Ally Capellino
- Company type: Private company
- Industry: Accessories
- Founded: London, England (1980)
- Founder: Alison Lloyd, Jonathan Platt
- Headquarters: London, England
- Key people: Alison Lloyd
- Website: www.allycapellino.co.uk

= Ally Capellino =

Independent British designer brand

Ally Capellino is an independent British designer brand that was established in 1980 by Alison Lloyd and Jonathan Platt. Originally launching as an accessories company (the name is from the Italian for "little head"), and later expanding into classic tailoring and ready to wear, it has been described as the label that: "dominated the wardrobes of many sensible and stylish women throughout the 80s and into the 90s".
Following the restructuring of the original company in 1999, Lloyd relaunched Ally Capellino alone, focusing on bags. The brand now retails through its London shop in Calvert Avenue, Shoreditch, and online. Collaborations include a branded range for Apple and the Tate Gallery.

== History ==
After studying fashion and textiles at Middlesex University, Alison Lloyd designed clothes destined for M&S at Courtaulds' central design studio, before launching Ally Capellino in 1980 with her then partner Jonathan Platt. Ally Capellino's first London Fashion Week show was in 1986 and it also expanded into menswear in the same year.
In 1987, Ally Capellino signed a licensing agreement with the Japanese firm GCO Company and five years later, in 1992, it signed a design consultancy and licensing agreement with Coats Viyella. Notably, it became one of the first British fashion names of this era to break into the Japanese market in the early '90s. Lloyd restructured the business alone in 2000, with a focus on bags.

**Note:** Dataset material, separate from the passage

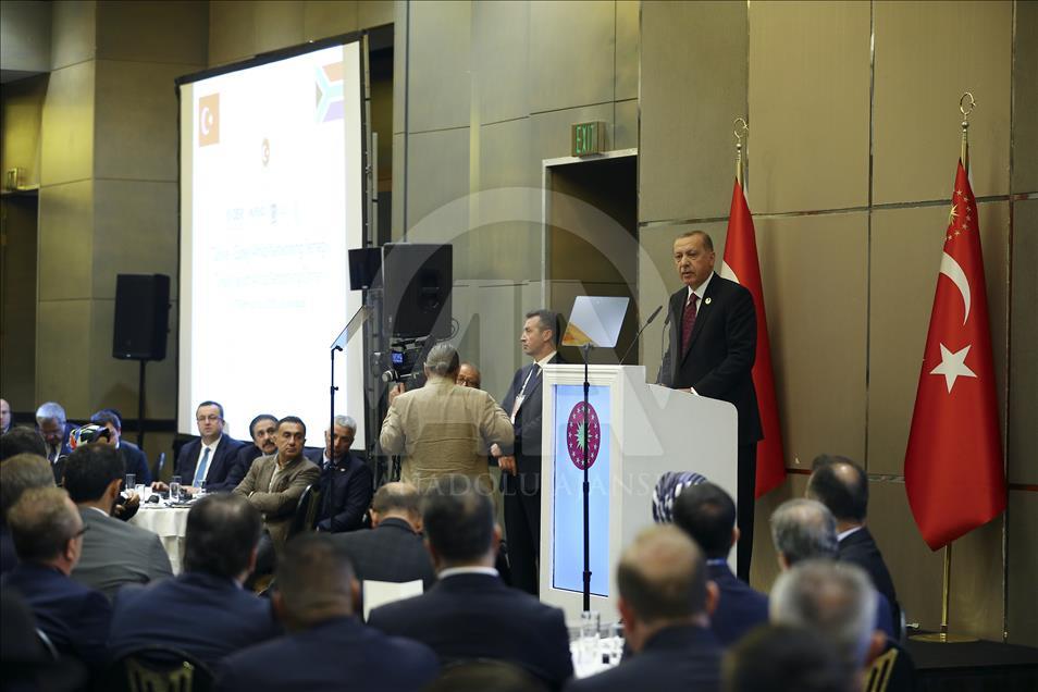 İş adamlarının da desteğiyle bu vizyonun hayata geçirileceğine inandığını söyleyen Erdoğan, Afrikalı iş adamlarına, "Sizlerden Türkiye'ye güvenmenizi, Türkiye'nin münbit yatırım ortamına inanmanızı istiyorum. Bunun için Türk iş adamlarıyla irtibatınızı her alanda daha da güçlendirmenizi talep ediyorum ve bu toplantımızın çok daha geniş, zengin katılımlı olanını inşallah İstanbul'umuzda gerçekleştirmeyi şimdiden arzu ettiğimi duyuruyorum." diye hitap etti.
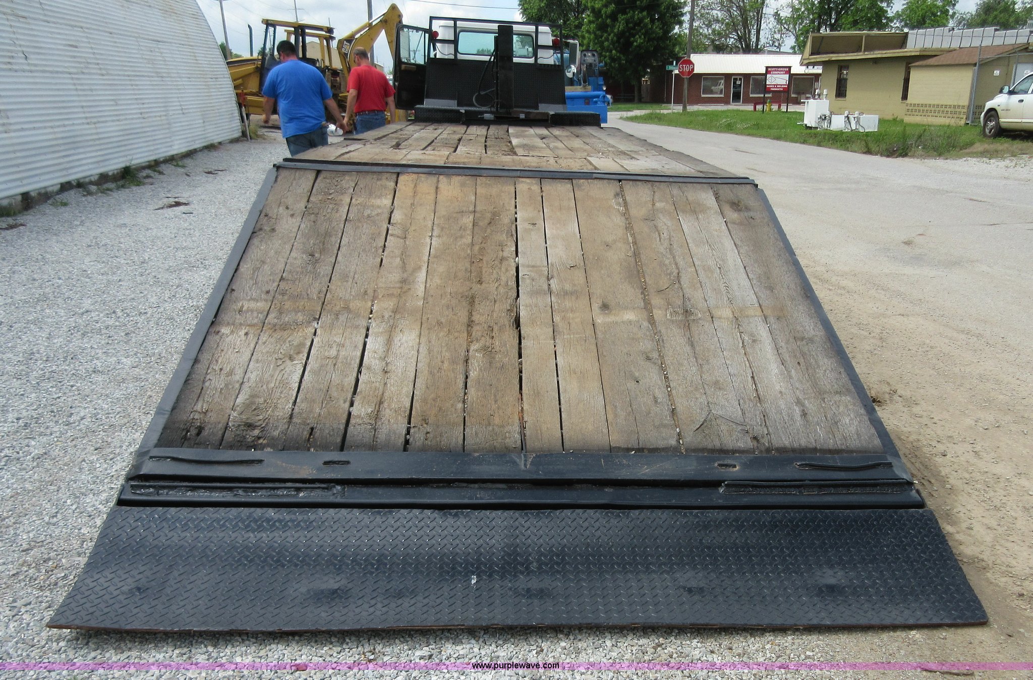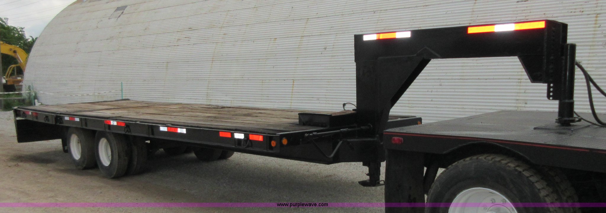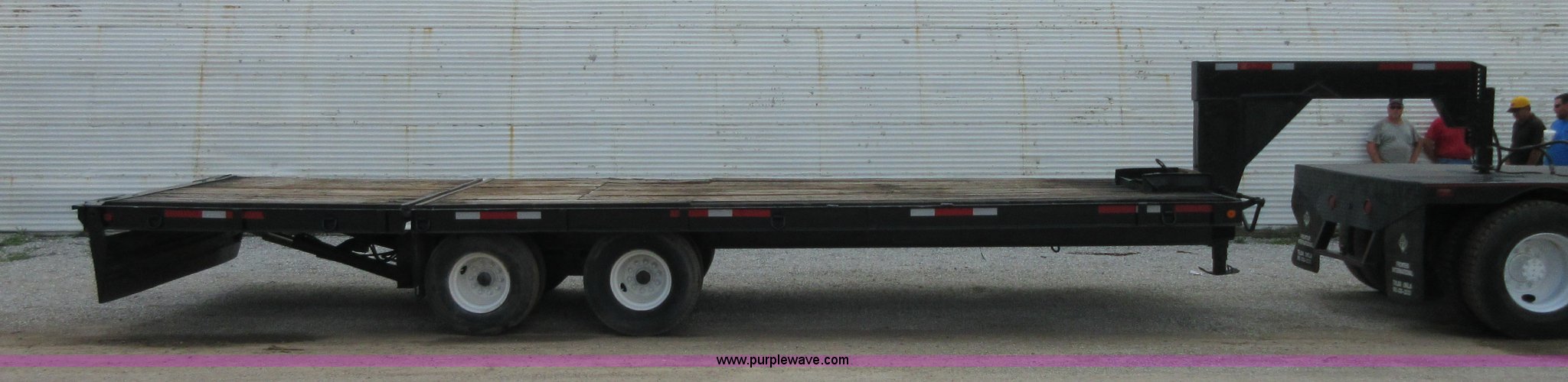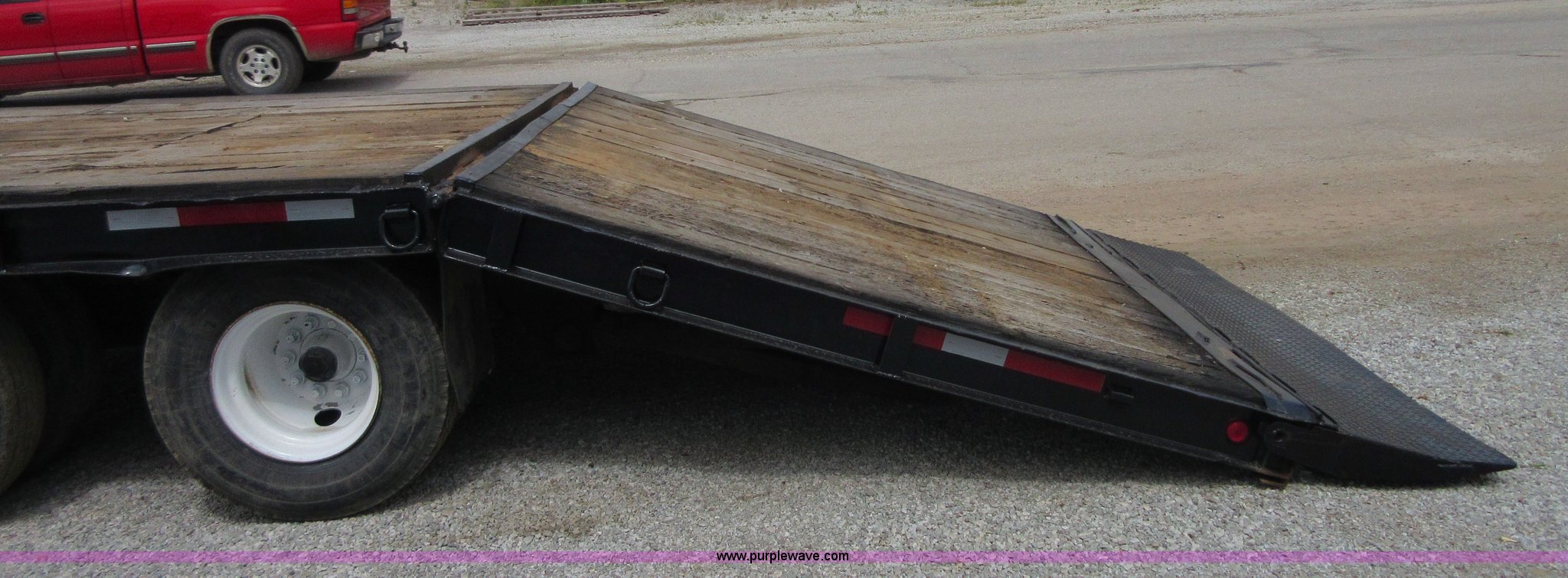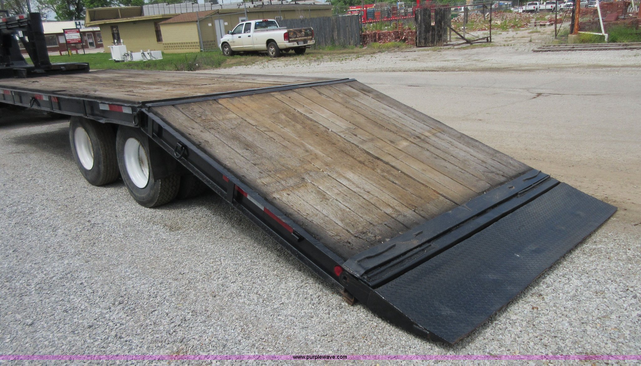 Purple Wave is selling a used Equip. Trailer in Oklahoma. This item is a 1994 Trail-Eze equipment trailer with the following: 28'L x 102"W, 8'L hydraulic folding dovetail, 2'L folding ramps, Wood deck, Hydraulic winch, D-ring tie downs, Spring suspension, Electric brakes, 10R17.5 tires, GVWR 39,120 lbs, GAWR 15,000 lbs per axle

In 2005, Ally Capellino opened a shop in Shoreditch and launched their e-commerce site. A further shop opened on Portobello Road in 2011 followed by a third shop in Marylebone in summer 2015.

In November 2014 Lloyd was awarded an honorary Doctorate from the University of Hertfordshire School of Creative Arts for her contribution to Fashion.

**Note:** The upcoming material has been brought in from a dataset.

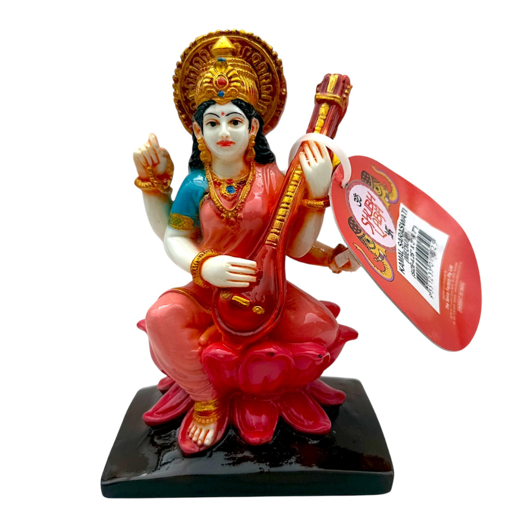Invite wisdom, learning, and artistic inspiration into your space with this beautifully designed Kamal Saraswati Idol. Featuring Goddess Saraswati seated on a blooming lotus while playing the veena, this statue symbolises purity, knowledge, and creativity—perfect for students, teachers, and devotees alike.
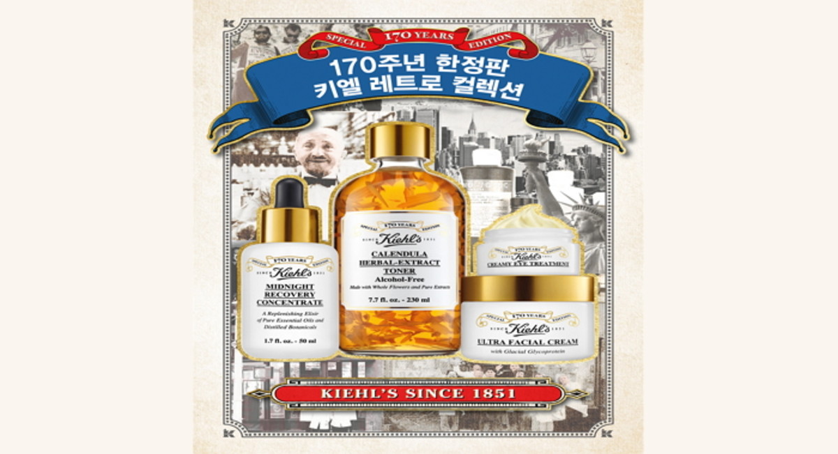 이번 키엘 170주년 리미티드 에디션은 베스트셀러 제품을 키엘이 시작된 최초의 모습인 조제 약국을 상징하는 유리병 패키지로 재해석한 '레트로 컬렉션'과, 170년 역사 속에서 시대별 뷰티 트렌드를 대표했던 제품들을 재출시하는 '앤티크 컬렉션'으로 구성됐다.

In December 2019, the parent company of Ally Capellino merged with Authentic Bespoke Group. In August 2023 Lloyd took back full ownership of the company.

== Collaborations ==
- In 2006 Ally Capellino began working with Tate galleries, producing a range of goods for artists including a satchel, apron and pencil case.
- In 2008 the label began a collaboration with Apple, designing laptop bags for Apple's European market.
- In 2011 Ally Capellino collaborated on a rucksack with the Danish fashion brand Norse Project.
- In September 2013, Ally Capellino created a range of leather goods exclusively for Ace Hotel in Shoreditch London.
- In 2014 Ally Capellino collaborated with the food journal The Gourmand on a limited edition Market Bag.
- In early 2022, Ally Capellino collaborated with Barbour, creating a range of jackets, hats, and backpacks.

== Exhibitions ==
In 2010, Ally Capellino marked its 30-year anniversary with an exhibition at The Wapping Project. In 2013, as part of the London Design Festival, Ally Capellino's first chair collection ‘Bums on Seats’ was exhibited at the V&A's Sackler gallery and as part of the 'Best of Britannia' exhibition in Clerkenwell. In the same year, Ally Capellino featured in the V&A's 'Club to Catwalk' exhibition, which profiled the London fashion scene of the 1980s.